ニッケイ新聞 2010年12月9日付け
2011年度政府予算案報告担当者であるブラジル労働党(PTB)ジン・アルジェロ上議が、汚職暴露記事後の圧力で予算案報告の責任を降りたと8日付伯字紙が報じた。与野党議員からの圧力には対抗する姿勢を見せたものの、予算案の年内承認をとの政府の圧力に屈した同上議だが、状況によっては、次期政権は確定予算がないままの見切り発車となる可能性も出てきた。
アルジェロ上議の汚職疑惑表面化は5日付エスタード紙記事が発端で、6日の時点で、予算審議の延期と共に、事実関係の解明や報告者交替などを求める声も出始めていた。7日の辞表提出を受け、8日以降の予算説明は労働者党(PT)のイデリ・サウヴァッチ上議が務める事になる。
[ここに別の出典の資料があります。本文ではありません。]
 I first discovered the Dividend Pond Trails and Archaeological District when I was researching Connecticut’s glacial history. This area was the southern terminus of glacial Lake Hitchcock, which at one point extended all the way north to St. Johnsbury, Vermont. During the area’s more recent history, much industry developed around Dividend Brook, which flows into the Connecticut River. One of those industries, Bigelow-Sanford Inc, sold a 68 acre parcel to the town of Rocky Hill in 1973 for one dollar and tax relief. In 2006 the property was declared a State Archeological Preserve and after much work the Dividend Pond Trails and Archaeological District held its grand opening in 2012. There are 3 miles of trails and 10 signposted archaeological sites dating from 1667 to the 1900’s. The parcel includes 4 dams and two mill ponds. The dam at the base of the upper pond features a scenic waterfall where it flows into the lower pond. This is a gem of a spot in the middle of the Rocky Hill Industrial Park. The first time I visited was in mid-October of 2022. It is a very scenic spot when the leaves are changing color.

両院選出の委員達の審査を経た後、議会提出となる予算案には、各議員が提出した企画書に基づく予算も含まれるが、5日付エスタード紙によれば、今年の場合、アルジェロ上議のロビー活動により観光や文化関係のイベント経費として不正に動いた金は、4月以降最低300万レアル。振込先は庭師と修理工が代表の架空企業RCアセソリア・エ・マーケティングの口座だという。
また、7日付エスタード紙には、2011年度予算案にも、今年同様、架空団体名を使った企画書による請求が含まれており、総額は最低1600万レアルとの記事。
7日付フォーリャ紙には、来年度予算案にある上議の友人が統括する非政府団体による25万レアル相当の企画は、友人の説明と上議提出の企画書とで内容がまるで異なっていたとの記事もある。
一連の報道で架空団体と指摘されたのは、RCアセソリア他、ガラス屋と住所を同じくし53万2千レアル受領のレノーヴァ・ブラジル研究所、同団体主の息子経営で110万レアル受領のブラジル・センプレ・ア・フレンテ研究所、他議員提出の企画でも恩恵を受けたプラナウト・セントラルや、教育や保健、観光を売り物にしたInbraestなどだ。
エスタード紙によると、企画書提出と関係省庁予算の確保が自分の責任とするアルジェロ上議は、自身提出の企画についても企業の実態や企画の進捗状況を把握しておらず、企業の監査や企画の進捗状況把握は会計検査院(TCU)や国庫庁の管轄と発言。TCUは他議員も含む事実解明調査を始めている。
与野党議員や政府の圧力により同上議が予算審議委員も含む辞表を提出した事で予算審議は年内終了とする政府に対し、関係者からは、22日迄の予算承認は困難で、次期政権は確定予算もないまま発足となる可能性ありとする声も出ている。